Rogers’ first set spotlighted his trademark interweaving orchestrations. The soft, cloudy tones of the leader’s fluegelhorn and reed man Bill Perkins’ tenor sax intermingled delightfully on the quietly exotic “Yesterday, Today and Forever,” and Perkins’ came forth with a memorable soprano sax solo on “Have You Hugged Your Martian Today?” Pianist Pete Jolly starred on “I Should Care,” demonstrating his lush, romantic bent with a flowing, notes-here, notes-there intro that led to sparkling, cascading lines and locked hands work a la Erroll Garner.
In between these groups, one heard a warm-toned, in-form Brookmeyer, reviewed here last week; Haynes, whose wispy, airy voice came across on a high-spirited “Out of the Night”; Fahn, a valve trombonist with a rich sound and good ideas, who kicked out a stirring “What Is This Thing Called Love?” where pianist Tad Weed soared with spinning, twisting ideas; Conti, who, possessing enough technique for two men, was dazzling with scampering double-times and scrumptious chorded passages on “Wave” and an unaccompanied “Stella by Starlight,” and Sheldon, who interspersed brilliant horn lines and vocals on “Ain’t Misbehavin’ ” and “Do Nothing ‘Til You Hear From Me” with 10 minutes of jokes about everything from a pretty girl’s short skirt to a variety of diets.
Three sensational sets were among those that closed the event.
Wilson started with a well-worn blues, “You Better Believe It,” where after rippling solos from (son) Anthony Wilson, pianist Harold Land Jr. and saxophonist Harold Land Sr., he directed his 19-piece ensemble through two whisper-like pianissimo passages and two top-of-the-lung shout choruses, scoring a rousing ovation.
He then let tenor saxophonist Ernie Watts loose for a brief but beguiling “Sophisticated Lady,” where, over a searing background tapestry, the horn man came up with most-impressive sky-high wailings.

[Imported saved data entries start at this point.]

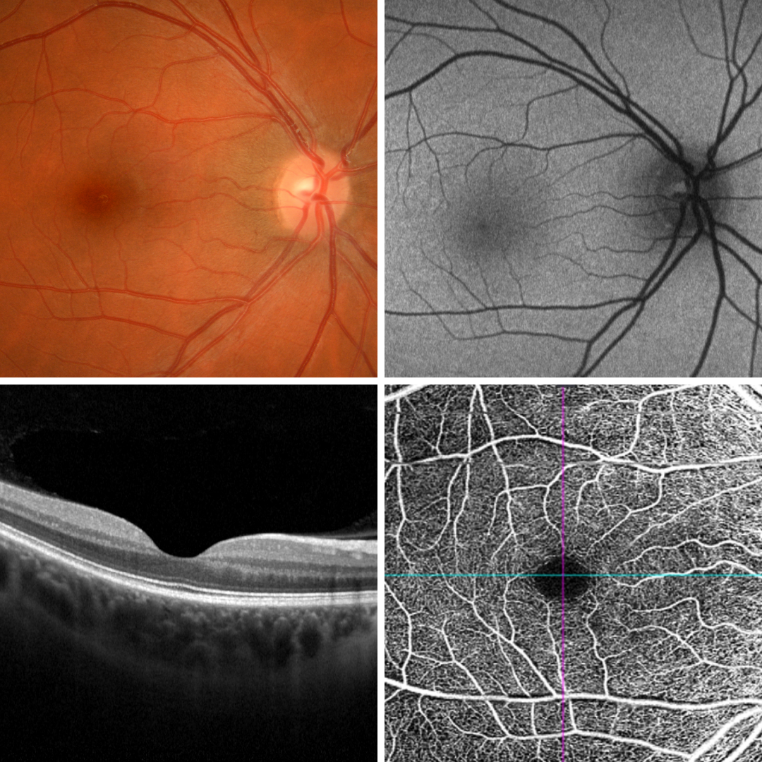 The fovea is devoid of the inner retinal layers and has a characteristic shape as seen on the OCT provided. There are also no retinal blood vessels at the fovea as seen on the OCT angiography image. The foveal avascular zone (FAZ) is approximately 0.6,, in diameter although this varies with age and can enlarge in certain diseases (eg diabetic retinopathy).
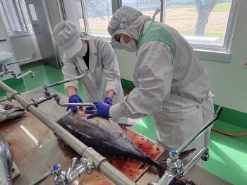 2日間にわたってマグロの処理から缶詰にするまでの工程を行いました。
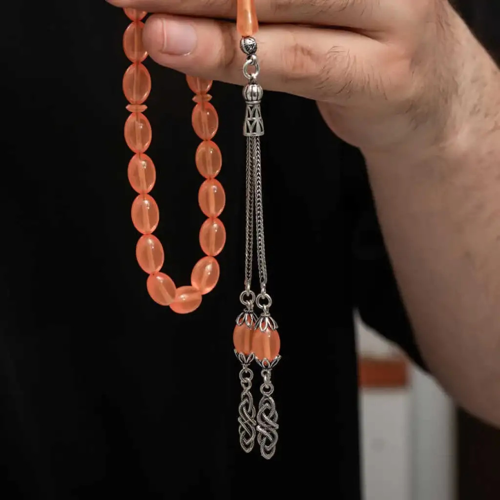 Gümüş Püskül Sıkma Kehribar Tesbih
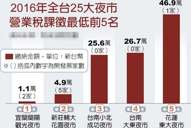 2016年全臺(tái)25大夜市營(yíng)業(yè)稅課征最低前5名。(圖片來(lái)源:臺(tái)灣《中國(guó)時(shí)報(bào)》)

A too-long, too-loud, too-fast “Milestones,” where trumpeter Oscar Brashear, along with seven or eight others, soloed with awesome power, closed the set.
Williamson, an unabashed bopper, was just shy of top form in his second set. Backed subtly by bassist Art Davis and drummer Carl Burnett, he played “Somebody Loves Me,” investigating the tune’s harmonies like a careful detective, and “Woody ‘n’ You,” where he dealt out quickly turning lines that revealed his mastery of the bop style. Davis soloed with quiet persuasion, often using melody notes as his starting-off points.

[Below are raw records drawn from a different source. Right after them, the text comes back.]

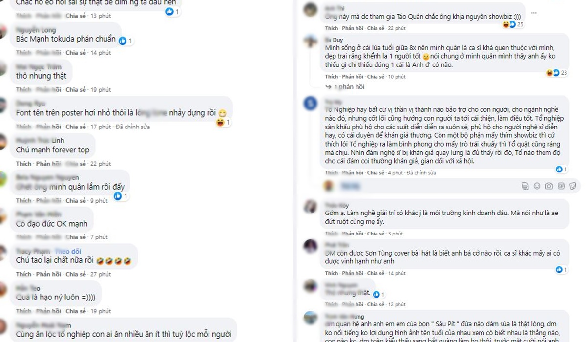 Không chỉ dừng lại ở bài đăng, giọng ca ‘Dẫu có lỗi lầm’ tiếp tục bày tỏ sự phẫn nộ ngay dưới phần bình luận: "Mong là tiếp sau đây, những kẻ nào tố cáo sai sự thật, dựng chuyện để bôi nhọ nhân phẩm và danh dự của người khác, những kẻ cùng ăn lộc tổ nghiệp mà thêm dầu vào lửa, giậu đổ bìm leo để trù dập đồng nghiệp thì trời tru đất diệt - tuyệt tử tuyệt tôn". Những lời lẽ này được netizen nhận xét là quá gay gắt, nặng nề.
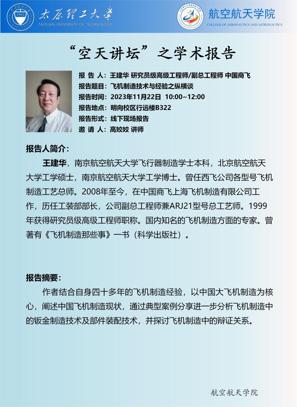 报告题目:飞机制造技术与经验之纵横谈
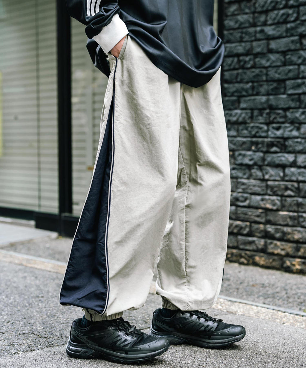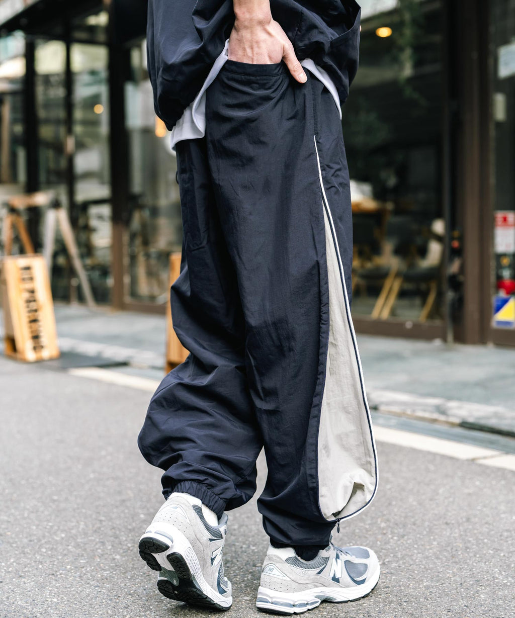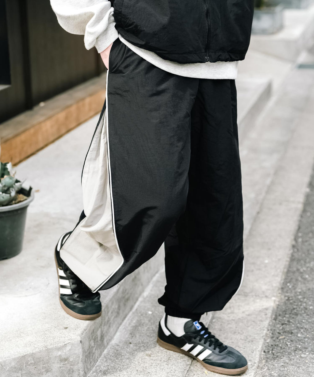 Rocky Monroe track pants nylon side zip wide men's women's color scheme 2way tech style piping easy jogger skater drawcord 14308
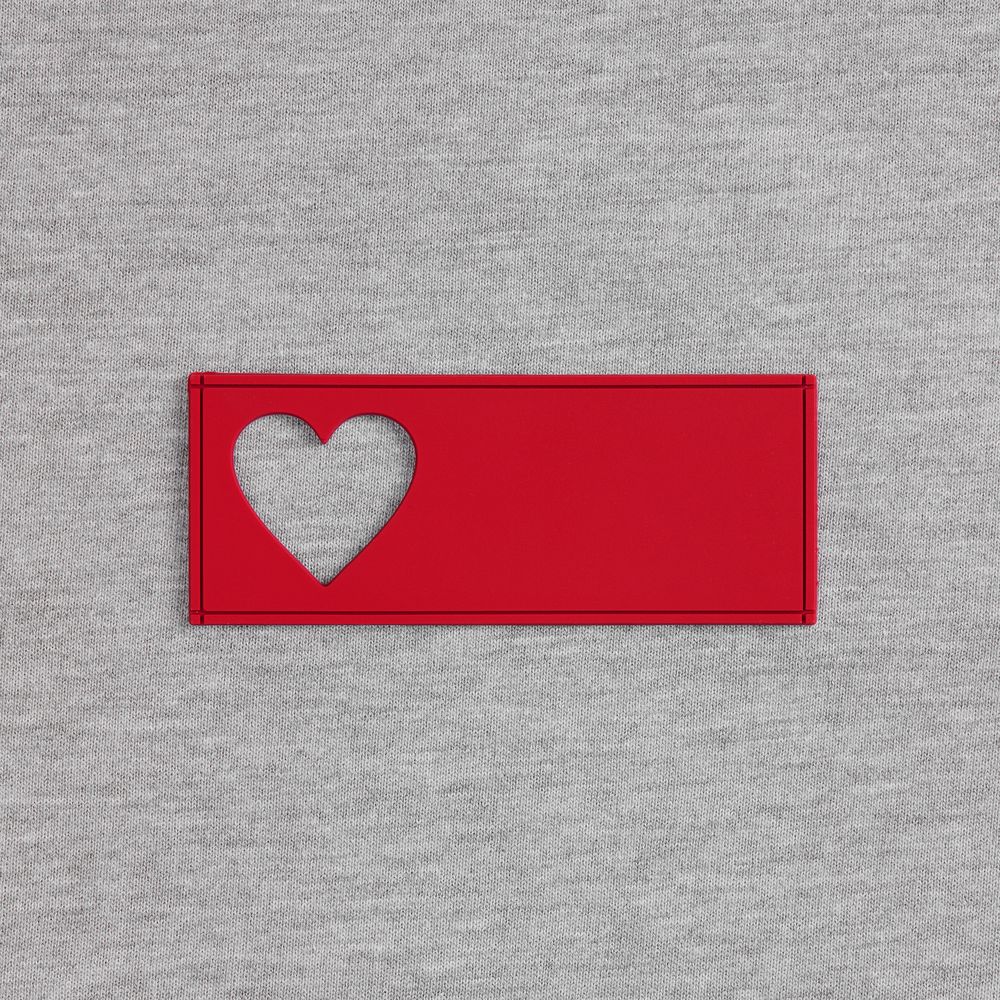 сделать нанесение на изделии, поверх которого нашить лейбл так, чтобы вырубка стала частью целостного и уникального дизайна.
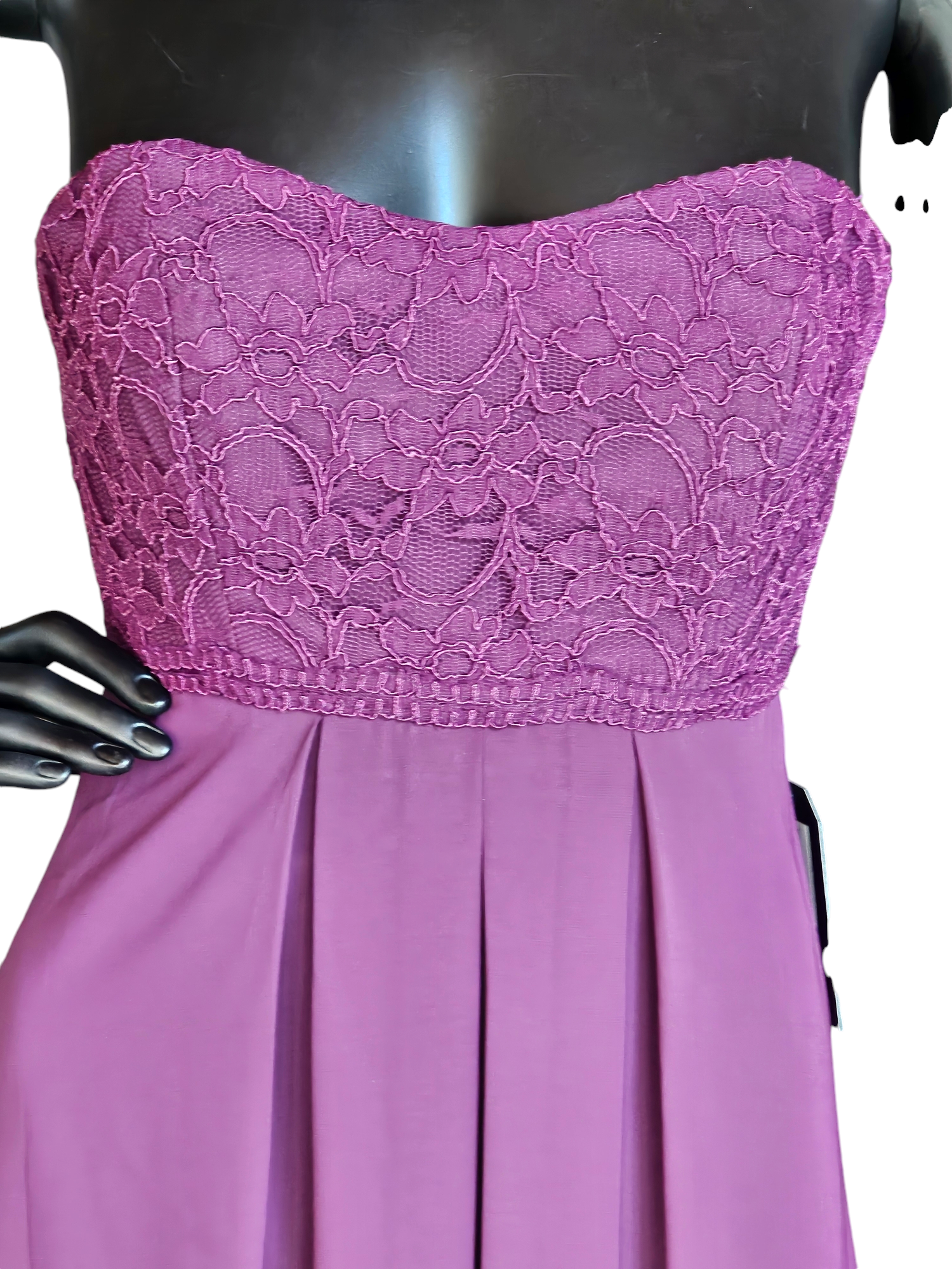 Eggplant Lace Empire Waist Full Length Formal Dress- Mori Lee

The Morgan-McPherson band was heat personified, with both leaders delivering fluid, sweeping lines at break-neck tempos on “I’ll Remember April” and “The Theme.” On the former, after lengthy solos from both and pianist Mathews, the horn men traded 16-then 8-bar phrases and the difference in their styles was clear. While both can play any idea that comes to mind, Morgan’s sound is sweeter and his approach more impressionistic (he likes smearing his notes like a painter), while McPherson’s tone has a raw edge to it, and his lines reek happily of the blues. A ballad medley gave a view of the players’ softer sides.
Norsworthy was ecstatic with the turnout. “It came off great,” he exuded. “The response was tremendous.”